What the task asks – Print only the lines below from the one with "Dating from the" to the one with "Add elegance and", both included, exactly as they stand. Leave pictures out.

Data provided –
*** Block opens ***

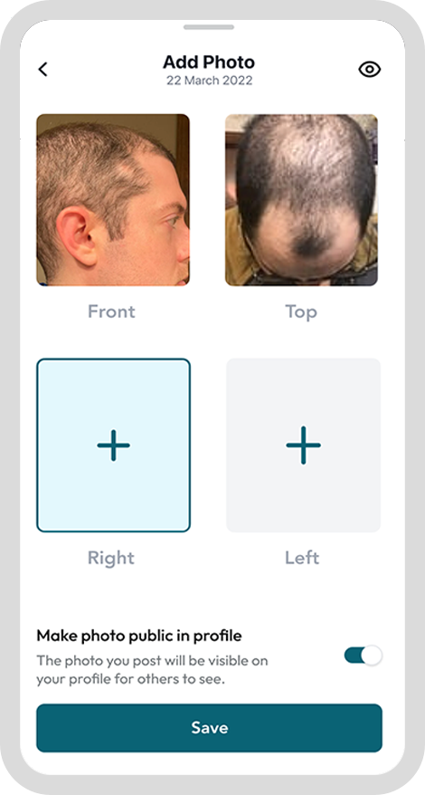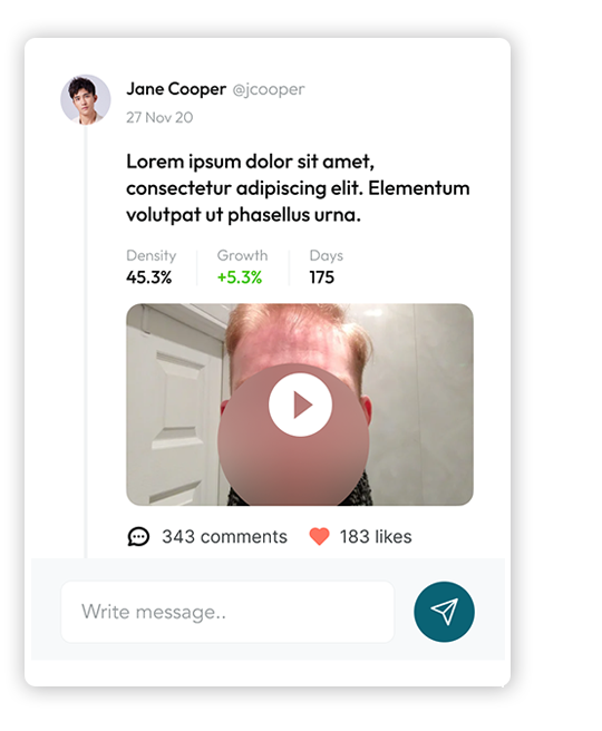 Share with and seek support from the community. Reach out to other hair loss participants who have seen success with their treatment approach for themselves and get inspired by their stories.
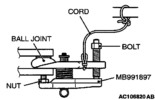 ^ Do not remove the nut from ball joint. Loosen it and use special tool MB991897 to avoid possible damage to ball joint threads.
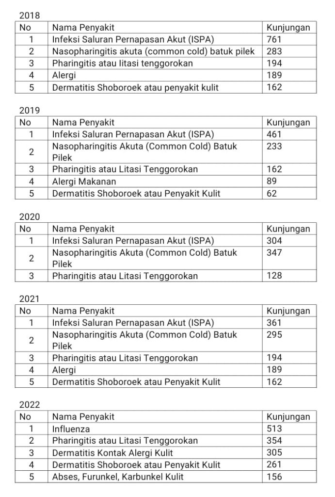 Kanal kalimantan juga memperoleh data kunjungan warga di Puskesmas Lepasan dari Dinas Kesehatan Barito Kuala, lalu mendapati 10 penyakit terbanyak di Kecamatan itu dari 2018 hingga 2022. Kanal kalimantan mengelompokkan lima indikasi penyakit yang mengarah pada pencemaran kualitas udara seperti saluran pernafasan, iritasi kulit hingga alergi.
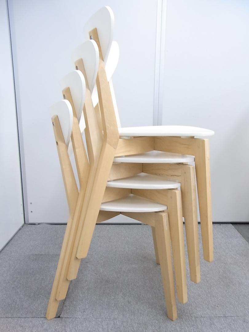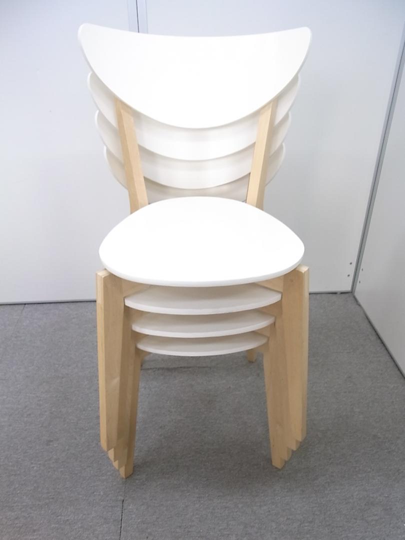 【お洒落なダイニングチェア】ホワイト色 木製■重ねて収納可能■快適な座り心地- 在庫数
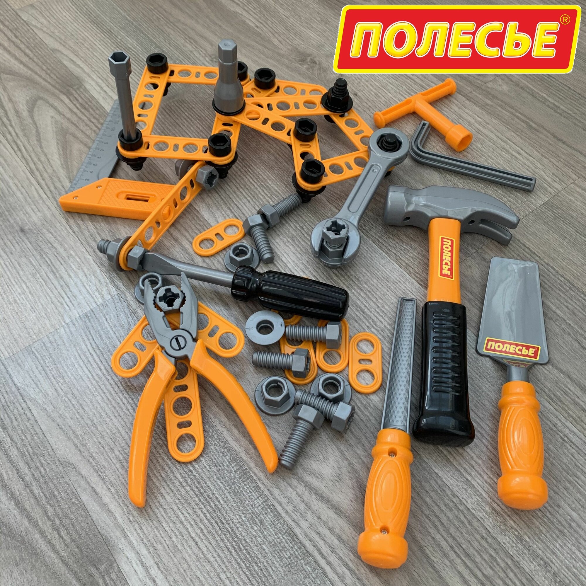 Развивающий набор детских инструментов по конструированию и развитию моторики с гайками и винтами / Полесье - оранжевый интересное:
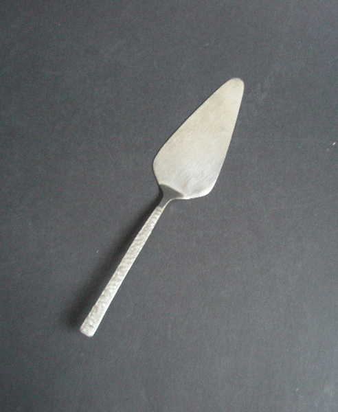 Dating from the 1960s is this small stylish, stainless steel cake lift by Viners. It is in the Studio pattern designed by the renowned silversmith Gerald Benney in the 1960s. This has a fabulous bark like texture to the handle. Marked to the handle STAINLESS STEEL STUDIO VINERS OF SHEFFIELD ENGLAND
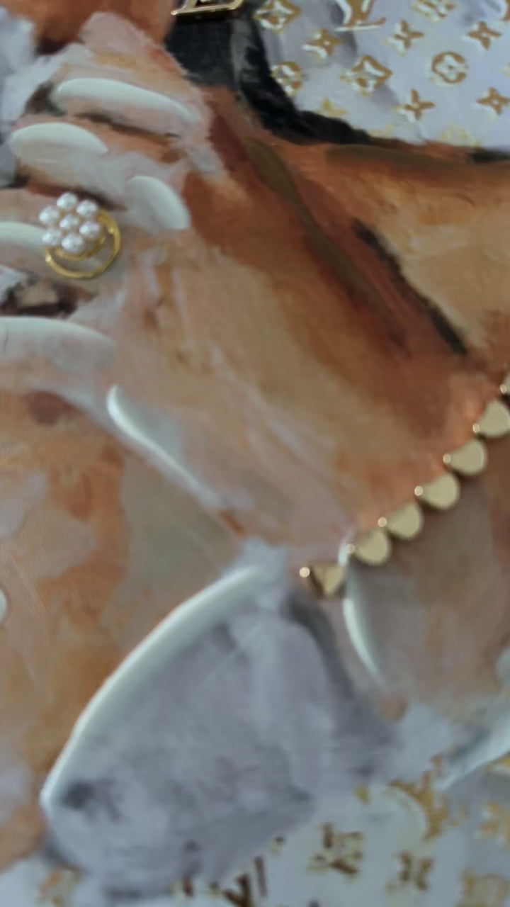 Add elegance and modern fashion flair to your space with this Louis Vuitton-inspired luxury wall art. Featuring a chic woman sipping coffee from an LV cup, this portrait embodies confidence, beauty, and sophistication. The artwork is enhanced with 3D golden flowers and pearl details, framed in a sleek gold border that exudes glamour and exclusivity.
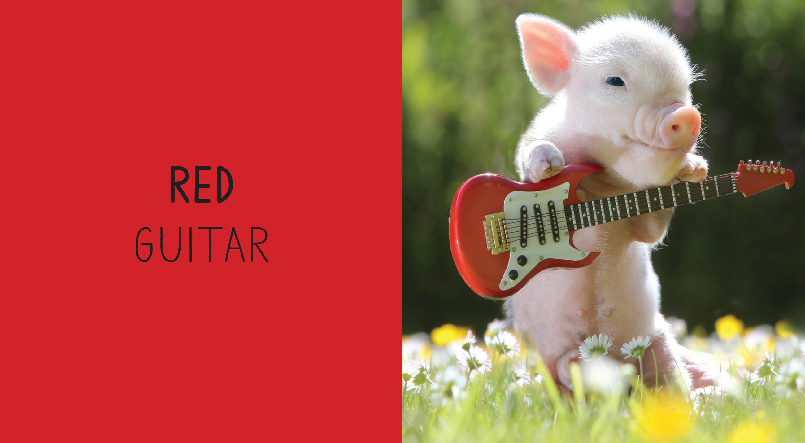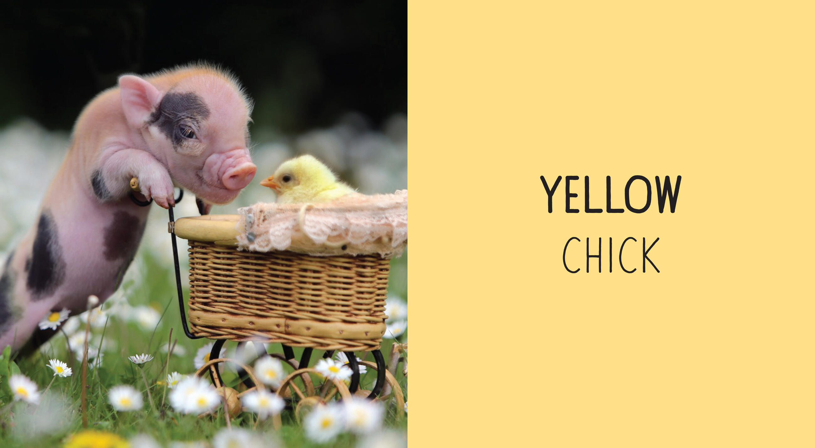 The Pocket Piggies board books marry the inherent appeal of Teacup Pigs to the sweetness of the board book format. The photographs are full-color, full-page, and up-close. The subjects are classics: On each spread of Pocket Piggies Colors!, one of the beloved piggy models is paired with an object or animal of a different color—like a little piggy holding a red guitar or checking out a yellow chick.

*** Block closes ***
*** Block opens ***

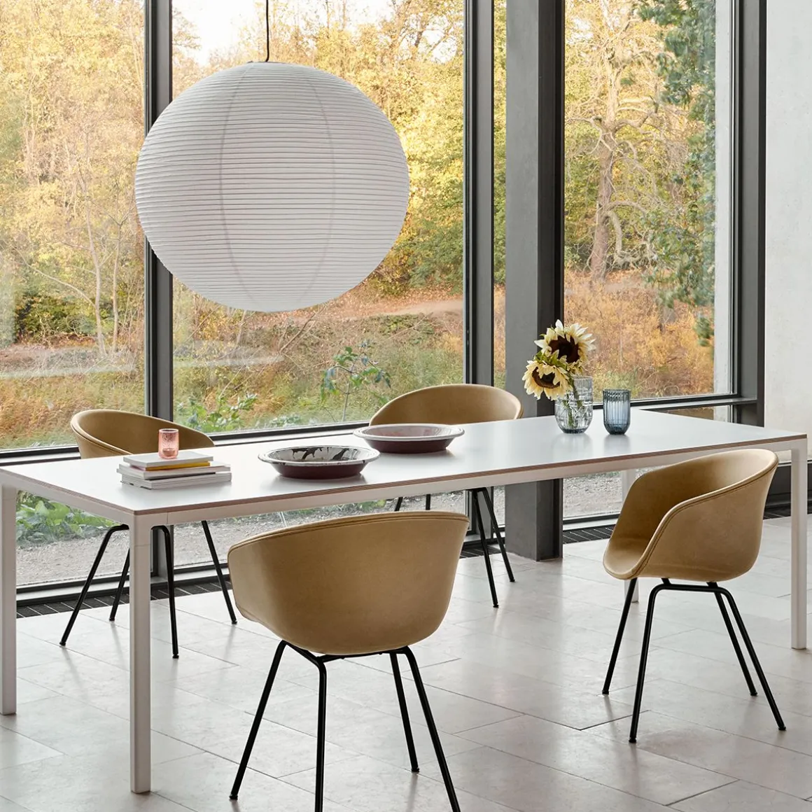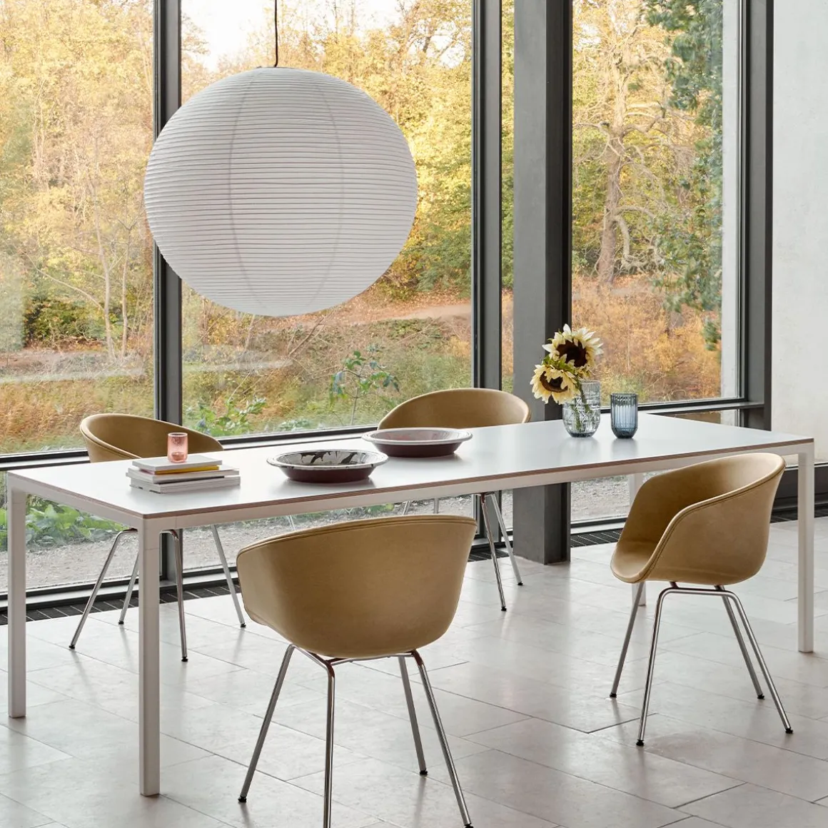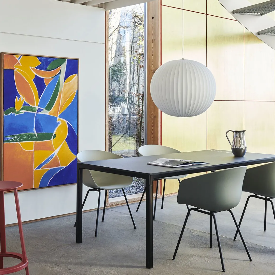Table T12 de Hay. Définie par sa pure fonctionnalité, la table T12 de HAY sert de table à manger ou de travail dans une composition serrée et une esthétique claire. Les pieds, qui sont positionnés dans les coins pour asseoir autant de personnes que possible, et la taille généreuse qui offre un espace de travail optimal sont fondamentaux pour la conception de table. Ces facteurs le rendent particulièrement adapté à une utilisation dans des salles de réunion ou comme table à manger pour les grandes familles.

*** Block closes ***
*** Block opens ***

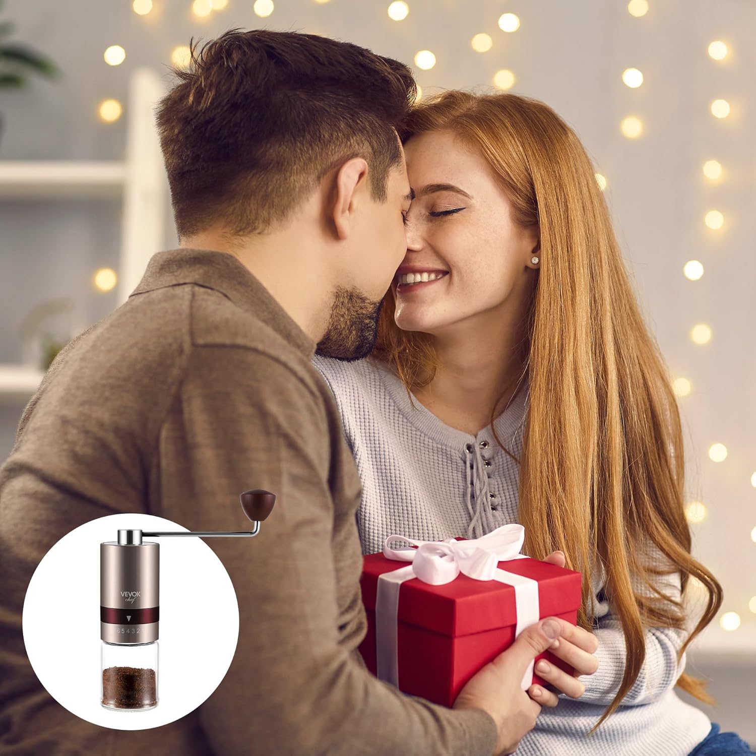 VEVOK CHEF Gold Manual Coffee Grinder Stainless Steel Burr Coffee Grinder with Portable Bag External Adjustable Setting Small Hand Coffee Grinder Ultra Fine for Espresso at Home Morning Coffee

*** Block closes ***

Expected answer –
 Dating from the 1960s is this small stylish, stainless steel cake lift by Viners. It is in the Studio pattern designed by the renowned silversmith Gerald Benney in the 1960s. This has a fabulous bark like texture to the handle. Marked to the handle STAINLESS STEEL STUDIO VINERS OF SHEFFIELD ENGLAND
 Add elegance and modern fashion flair to your space with this Louis Vuitton-inspired luxury wall art. Featuring a chic woman sipping coffee from an LV cup, this portrait embodies confidence, beauty, and sophistication. The artwork is enhanced with 3D golden flowers and pearl details, framed in a sleek gold border that exudes glamour and exclusivity.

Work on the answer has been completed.